Descriptor generation is always the bottleneck in hardware design. This general process can be divided into three stages: main orientation estimation, patch rotation and local descriptor generation. Analysis shows that the process contains significant random memory access in the first and third stage, which poses a challenge to achieve high throughput (see Section 2.2). Also, the random scatter of key points brings extra complexity to the control. Huang [13] proposed an interactive architecture with a co-processor for descriptor generation that successfully overcame the control complexity of the random distribution. However, 89.7% of the time was used by the descriptor generation. Several hardware solutions [11,13,15] were proposed to accelerate the descriptor generation. Although substantial improvements were achieved, the processing speed was still unable to match key point detection. As such, the current research introduces a hardware-friendly descriptor.
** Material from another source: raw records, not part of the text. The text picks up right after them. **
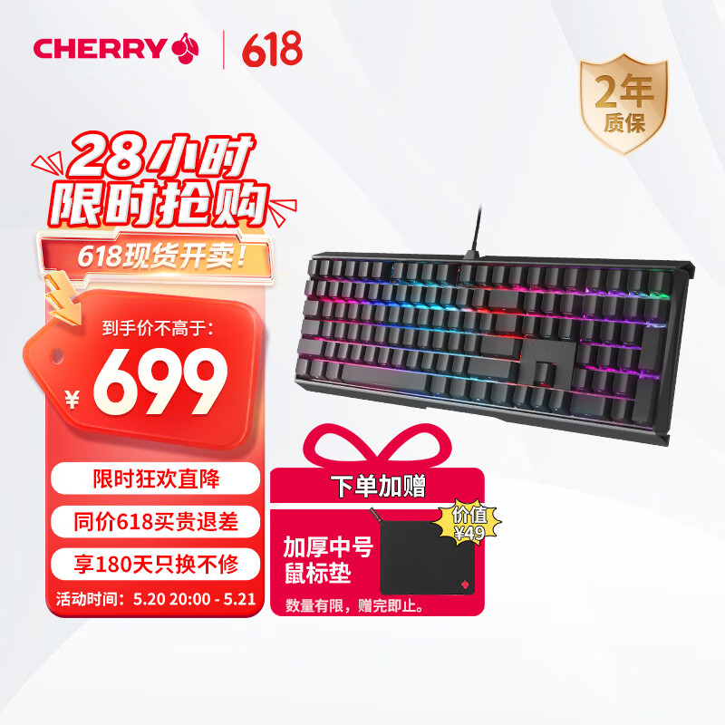 CHERRY樱桃 MX3.0S机械键盘 游戏键盘 电竞键盘 办公电脑键盘 RGB混光键盘 合金外壳 无钢结构 黑色红轴价格:799.00元!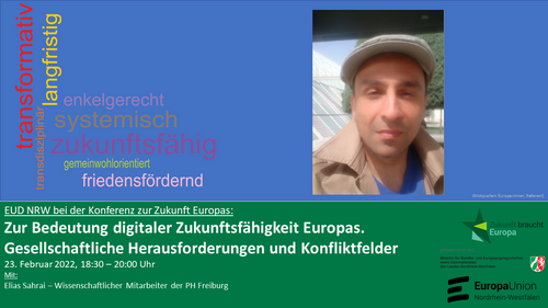 Im Projekt 'Zukunft Europas. Auf dem Weg zu ener zukunftsfähigen EU' wird im Rahmen des Projektteils "Transformationsprozesse - Varianten der Zukunft denken" am Mittwoch, 23. Februar, 18.30 - 20.00 Uhr, die folgende Vortrags- und Diskussionsveranstaltung mit Elias Sahrai, z.Z. wiss. Mitarbeiter an der PH Freiburg stattfinden.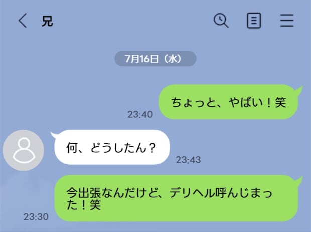出張中のパートナーが、仕事以外で何をして過ごしているか気になる人もいるでしょう。この記事では、夫が出張中に風俗を呼んでいたことが発覚したという投稿を紹介します。何かの勘が働いて夫が義兄に送ったLINEを見た投稿者さん。はじめはとぼけていた夫ですが、LINEのやり取りを見たと話すと…。

The RPB descriptor has three major stages. Firstly, according to the sample pattern, it reads out all the grid values for later use. It contains two channels: the grey value and the gradient norm. The main orientation is estimated using the grid values of the outermost layer in the first channel. Secondly, invariance to rotation is achieved by reordering the sample values according to the main direction. Thirdly, pseudo-random pairs are selected for comparison. The two key features that focus on simplification of rotation invariance are as follows:

Sample Pattern: The RPB descriptor employs a novel sample pattern of polar arrangement for rotation invariance through reordering and less random memory access. Figure 3a shows the three layers of the sample pattern. The arrangement of each layer is similar to DAISY [25] and has various radiuses and distances from the center point. For each layer, there are sixteen grids on the circle that matches the number of discrete angles for reordering.
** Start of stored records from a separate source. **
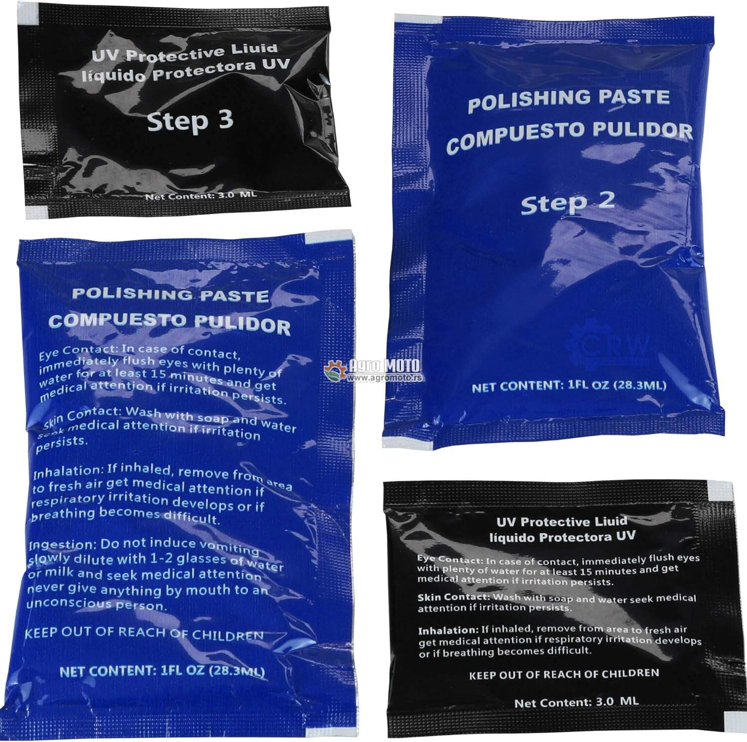 Komplet sadrži sve što vam je potrebno za temeljno poliranje i zaštitu farova: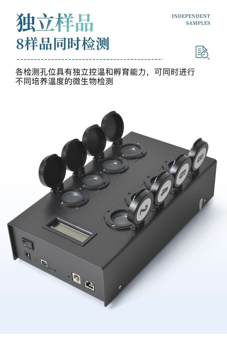 4、 檢測(cè)樣本只需1ml/1g;同一溫度下可同時(shí)檢測(cè)8個(gè)樣品;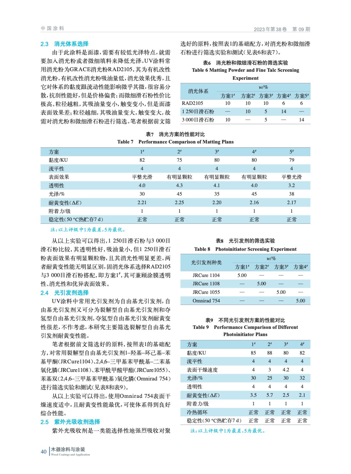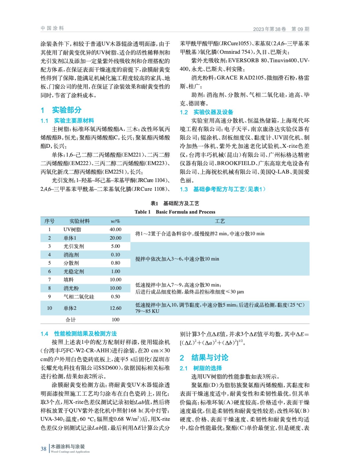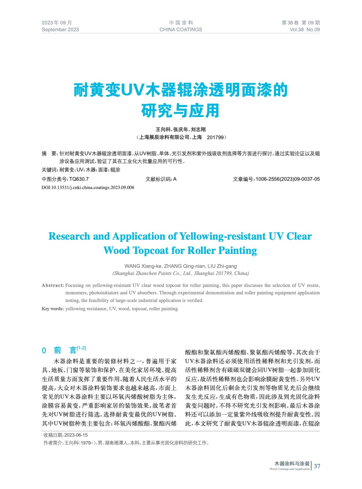 針對耐黃變UV木器輥涂透明面漆,從UV樹脂、單體、光引發(fā)劑和紫外線吸收劑選擇等方面進行探討,通過實驗論證以及輥涂設備應用測試,驗證了其在工業(yè)化大批量應用的可行性。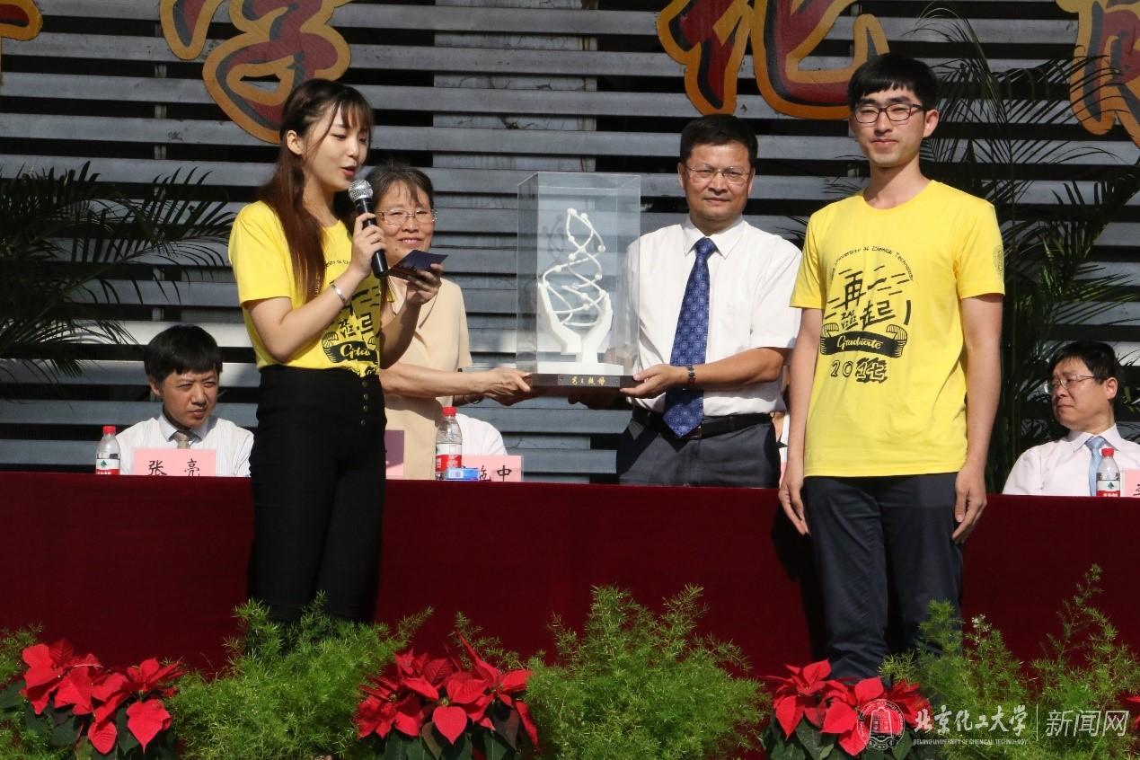 2017届毕业生代表向母校赠送了毕业礼物。由毕业生进行三维数据建模,并运用3D打印技术打印的“母校之光”模型,寄寓着2017届全体毕业生对“团结奉献、艰苦奋斗、务实力行、博学创新”化大精神的传承与发扬。王芳书记和谭天伟校长代表学校接受礼物。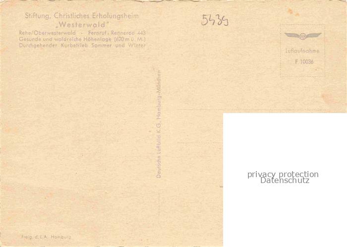 74040988 Rehe Westerwald Rheinland-Pfalz Christl Erholungsheim Westerwald Stiftung Fliegeraufnahme postalisch nicht gelaufen Erhaltung siehe scans [WerneD78] KatCode: 11110007143285

Figure 3. (a) Sample pattern containing three layers, where each layer has 17 sample grids with polar arrangement; (b) Pairs used for main orientation estimation based on the outermost layer.

Main Orientation: The RPB descriptor adopts a simplified gradient method similar to BRISK [26] for rotation invariance. Equation (4) shows that the angle vector, A, is estimated through the sum of gradients of specific pairs in the set P. The two-dimensional vector, p, contains the grid coordinates and I(p) is the grey value of the first channel. The sixteen selected pairs are symmetrically distributed to avoid a division operation (Figure 3b):

A = \sum_{(p_{i}, p_{j}) \in P} (p_{i} - p_{j}) [I (p_{i}) - I (p_{j})]

(4)

Based on the hardware-oriented optimization, the RPB descriptor reduces both the memory burden and computational complexity. In terms of memory usage, random access decreases by 68.7% (650 to 240 per key point). Based on the integral image, the polar sample pattern changes most of the random access into regular access. In addition, the proposed main orientation estimation method does not add extra access to the integral image memory, thereby removing approximately 40% of the memory burden. Also, the optimized method to estimate the main orientation significantly decreases computations, especially in the triangle computation (Table 1). For robustness, the RPB descriptor achieves similar matching accuracy compared with the original algorithm; however, accuracy is slightly less in the rotation and brightness tests (See Section 4.1).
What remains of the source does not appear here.